What you will do>
Repeat the data verbatim, images excluded.

Data shown>
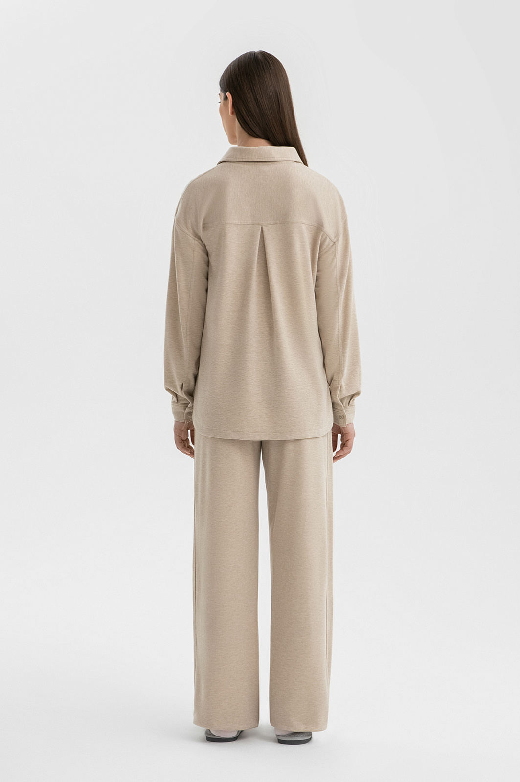 Сорочка KANZLER, воплощение философии неспешной жизни, превращает каждый момент в ритуал наслаждения. Песочный оттенок создает ауру спокойствия и безмятежности. Свободный силуэт не стесняет движений и мягко обволакивает тело, обеспечивая комфорт – во время утреннего кофе, прогулки, медитации или сна. Состав – идеально выверенный микс волокон: полиэстер обеспечивает прочность и устойчивость к деформации, вискоза дарит шелковистую гладкость и терморегуляцию, полиамид добавляет эластичности, акрил фиксирует форму, предотвращая усадку, а шерсть служит добавкой для сохранения тепла, не перегревая тело. Для создания цельного образа рекомендуем дополнить модель пижамными брюками из нашей коллекции.
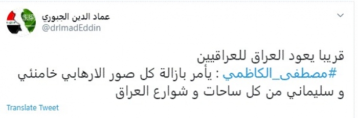 وقال في تغريدة عبر "تويتر" رصدها "المشهد العربي": "قريبا يعود العراق للعراقيين مصطفى الكاظمي: يأمر بإزالة كل صور الإرهابي خامنئي وسليماني من كل ساحات و شوارع العراق".
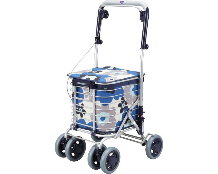 ユーバ産業 スワレル / AS-0275 花柄ネイビーブルー 敬老の日 お買いものカート ショッピングカート 母の日 シルバー

Expected output>
 Сорочка KANZLER, воплощение философии неспешной жизни, превращает каждый момент в ритуал наслаждения. Песочный оттенок создает ауру спокойствия и безмятежности. Свободный силуэт не стесняет движений и мягко обволакивает тело, обеспечивая комфорт – во время утреннего кофе, прогулки, медитации или сна. Состав – идеально выверенный микс волокон: полиэстер обеспечивает прочность и устойчивость к деформации, вискоза дарит шелковистую гладкость и терморегуляцию, полиамид добавляет эластичности, акрил фиксирует форму, предотвращая усадку, а шерсть служит добавкой для сохранения тепла, не перегревая тело. Для создания цельного образа рекомендуем дополнить модель пижамными брюками из нашей коллекции.
 وقال في تغريدة عبر "تويتر" رصدها "المشهد العربي": "قريبا يعود العراق للعراقيين مصطفى الكاظمي: يأمر بإزالة كل صور الإرهابي خامنئي وسليماني من كل ساحات و شوارع العراق".
 ユーバ産業 スワレル / AS-0275 花柄ネイビーブルー 敬老の日 お買いものカート ショッピングカート 母の日 シルバー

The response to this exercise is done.